The McClellan’s brewery, The Olde Burnside Brewing Co., had the advantage of integrating aspects of its ice-producing business, which is located in the same building on Tolland Street.
By utilizing its technology used to freeze ice, the beer could be cooled down quickly after brewing, allowing Burnside Brewing to avoid the traditional filtering and pasteurizing process used by many domestic beer producers, McClellan explained.
And that, he said, is the key to making fine-tasting ale in the Scottish tradition. “It’s good beer and nobody is making beer like we make,” he said.
His next challenge was to find a distributor. Again, Burnside relied on its existing ice distribution operation that helped him introduce the beers to retailers, bars and restaurants throughout New England. So McClellan piggy-backed the distribution of its beers — Ten Penny Ale, Dirty Penny Ale, and Penny Weiz — with the distribution of its ice.
Now, sales of the beer in new markets — such as in Vermont — are “out of control,” he said.
Diversification has moved the McClellan clan — Robert runs the business with his two sons Justin, 39, and Case, 26 — into a growth enterprise.
But diversification isn’t new to the McClellan family. The Great Burnside Ice Co. was founded in East Hartford in 1911 by Albert McClellan, who made regular door-to-door deliveries of ice blocks in a horse-drawn wagon.
Business was good during the early 1900s, when ice blocks were needed for iceboxes. But new refrigeration technology replaced the need for iceboxes, beginning in the 1930s, dooming most ice producers. During the industry’s height, there were 80 in the northeast, McClellan said. Today, there are just three in the northeast and only one in Connecticut, he said.

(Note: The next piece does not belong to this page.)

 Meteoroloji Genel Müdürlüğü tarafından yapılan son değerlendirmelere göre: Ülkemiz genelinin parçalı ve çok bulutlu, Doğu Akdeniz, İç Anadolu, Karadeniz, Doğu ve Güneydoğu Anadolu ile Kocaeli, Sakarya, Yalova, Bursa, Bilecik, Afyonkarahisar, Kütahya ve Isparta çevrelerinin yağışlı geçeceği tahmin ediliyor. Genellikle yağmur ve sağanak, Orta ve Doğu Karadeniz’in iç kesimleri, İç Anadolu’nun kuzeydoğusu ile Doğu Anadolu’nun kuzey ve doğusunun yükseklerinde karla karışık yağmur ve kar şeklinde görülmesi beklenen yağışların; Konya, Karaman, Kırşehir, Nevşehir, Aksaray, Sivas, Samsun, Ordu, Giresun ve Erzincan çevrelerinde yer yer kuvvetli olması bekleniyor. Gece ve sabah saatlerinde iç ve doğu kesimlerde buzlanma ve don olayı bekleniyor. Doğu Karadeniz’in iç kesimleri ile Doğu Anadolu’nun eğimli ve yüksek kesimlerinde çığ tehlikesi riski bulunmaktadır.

But the Great Burnside Ice Co. met the challenge of sinking demand by diversifying. Over time, the company sold rock salt and home heating oil and coal.
In the 1960s, the demand for ice spiked back up, so the McClellans rebuilt their 1933 ice-producing machine and it got back into ice production full time.
Now it sells ice and beer, which is sold at package stores in gallon jugs or in kegs, and can be purchased on draft at numerous bars. It can also be purchased at the annual Pipes In The Valley, a Celtic festival, co-sponsored by Burnside Brewing with Riverfront Recapture, on Sept. 26.
Diane Weaver Dunne is the Hartford Business Journal managing editor.